Summary: Probes on ISR with probes on task thread's prehandler crash the system

Status:	RESOLVED FIXED

Alias:	None

Product:	systemtap
Classification:	Unclassified
Component:	kprobes (show other bugs)
Version:	unspecified

Importance:	P1 normal
Target Milestone:	---
Assignee:	Masami Hiramatsu

URL:
Keywords:

Depends on:
Blocks:

Reported:	2005-12-20 07:31 UTC by Anil S Keshavamurthy
Modified:	2008-03-13 14:59 UTC (History)
CC List:	3 users (show)

See Also:
Host:
Target:
Build:
Last reconfirmed:

Attachments
test modules (1.60 KB, application/x-gzip-compressed) 2005-12-20 07:34 UTC, Anil S Keshavamurthy	Details
[PATCH] please review and provide comments (1.01 KB, patch) 2006-01-13 02:14 UTC, Anil S Keshavamurthy	Details \| Diff
updated test modules (1.69 KB, application/x-gzip-compressed) 2006-12-08 16:41 UTC, Anil S Keshavamurthy	Details
This patch seemed to work on both i386 and x86_64. (1.92 KB, patch) 2006-12-08 16:44 UTC, Anil S Keshavamurthy	Details \| Diff
Fix the order of atomic operations in restore_previous_kprobe() on ia64 (497 bytes, patch) 2008-01-17 21:58 UTC, Masami Hiramatsu	Details \| Diff
Show Obsolete (2) View All Add an attachment (proposed patch, testcase, etc.)

Note You need to log in before you can comment on or make changes to this bug.

Description Anil S Keshavamurthy 2005-12-20 07:31:12 UTC

I was in the process of testing reentrant probes, so I was calling a routing 
from inside a task thread's prehandler which had a probe, just to test 
reentrancy and this reentrancy test worked just fine with out any problem.

However when I inserted another test module which inserted probes on ISR 
routine (__do_ISR), I see system crash.

Here is what I think is happening.
Our current kprobes design supports reentrancy only from one thread.

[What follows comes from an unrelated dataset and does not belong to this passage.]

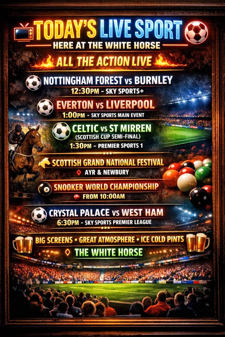 πΊβ½ TODAYβS LIVE SPORT β½πΊ Here at The White Horse π₯ ALL DAY SPORTING ACTION LIVE π₯ β½ Nottingham Forest vs Burnley π§ 12:30pm β Sky Sports+ β½ Everton vs Liverpool π 1:00pm β Sky Sports Main Event π Celtic vs St Mirren (Scottish Cup Semi-Final) π 1:30pm β Premier Sports 1 π Scottish Grand National Festival π Ayr & Newbury πΊ ITV Racing / Sky Sports Racing π± Snooker World Championship π From 10:00am πΊ BBC Two / TNT Sports β½ Crystal Palace vs West Ham π‘ 6:30pm β Sky Sports Premier League π» BIG SCREENS β’ GREAT ATMOSPHERE β’ ICE COLD BEERS π» π The White Horse

If while 
in the process of reentrancy and before completing the single-stepping, if  
another probes on ISR fires, then we loose or overwrite the previous kprobes 
state and eventually crash the system.

Will disabling interrupts while servicing the reentrant probes solve the 
problem? Need to try.


The attached test case has
1)probes on my_test_reentrant_export_function().
2)probes on schedule() and the pre_handler for schedule() calls 
my_test_reentrant_export_function()
3)probes on __do_ISR and the pre_handler for __do_ISR() calls
my_test_reentrant_export_function().

Here is the system crash stack back trace while executing the above test on 
IA64. I think this problem should exist on PPC64 too and not sure on Ia32 as 
Ia32 disables interrupt while servicing the breakfault handler. ppc64??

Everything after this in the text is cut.